Task objective: Write the listing out again word for word, excluding any pictures.

Dataset content:

------------------------------------------------

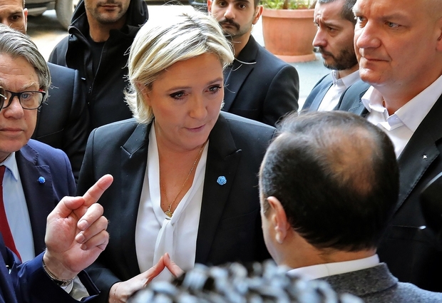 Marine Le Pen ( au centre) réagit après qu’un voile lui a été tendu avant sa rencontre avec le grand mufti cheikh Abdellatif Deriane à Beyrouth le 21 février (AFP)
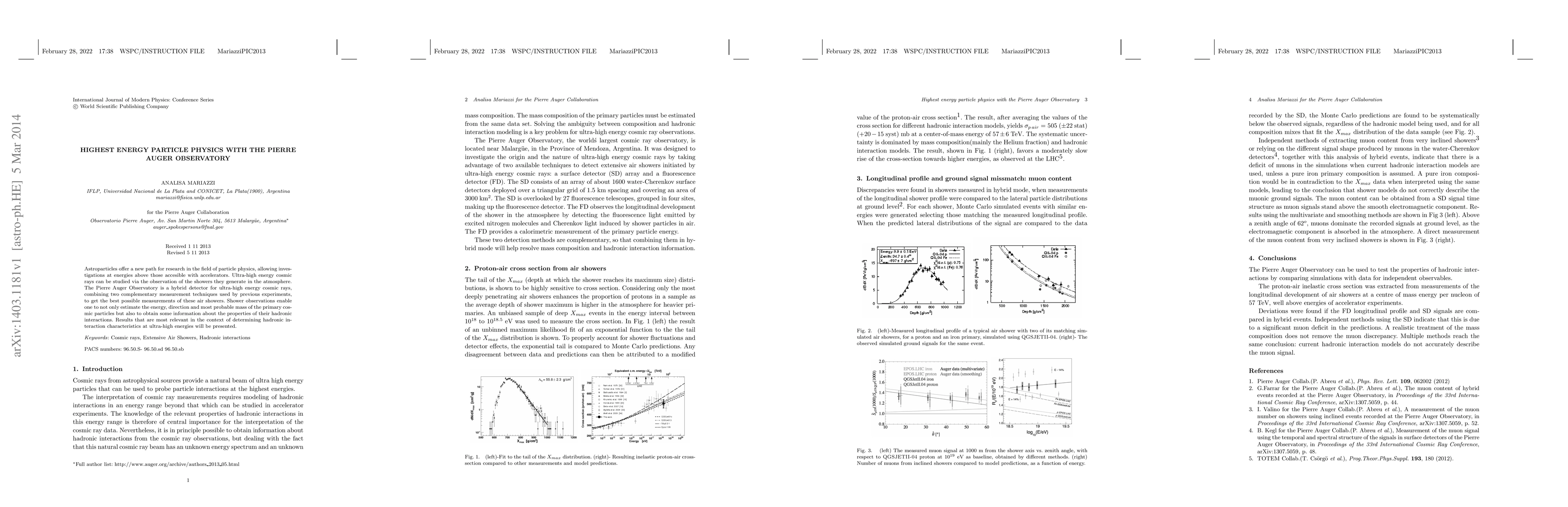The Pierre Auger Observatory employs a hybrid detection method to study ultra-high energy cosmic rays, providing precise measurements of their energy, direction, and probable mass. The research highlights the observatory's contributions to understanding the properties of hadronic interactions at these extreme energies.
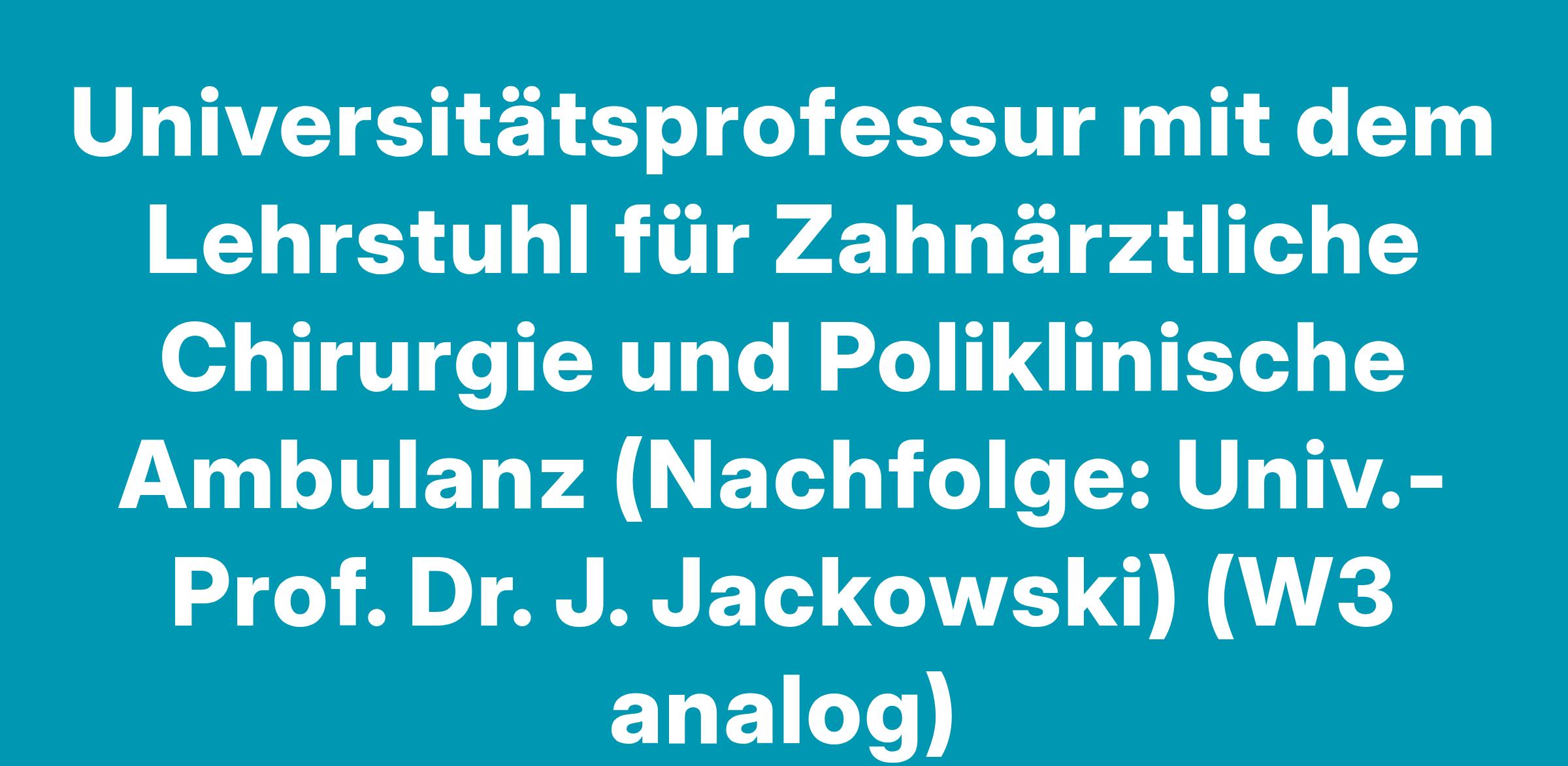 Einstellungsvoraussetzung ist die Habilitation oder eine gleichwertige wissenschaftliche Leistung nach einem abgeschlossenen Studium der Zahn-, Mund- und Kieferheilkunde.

------------------------------------------------

Output for this exercise:
 Marine Le Pen ( au centre) réagit après qu’un voile lui a été tendu avant sa rencontre avec le grand mufti cheikh Abdellatif Deriane à Beyrouth le 21 février (AFP)
The Pierre Auger Observatory employs a hybrid detection method to study ultra-high energy cosmic rays, providing precise measurements of their energy, direction, and probable mass. The research highlights the observatory's contributions to understanding the properties of hadronic interactions at these extreme energies.
 Einstellungsvoraussetzung ist die Habilitation oder eine gleichwertige wissenschaftliche Leistung nach einem abgeschlossenen Studium der Zahn-, Mund- und Kieferheilkunde.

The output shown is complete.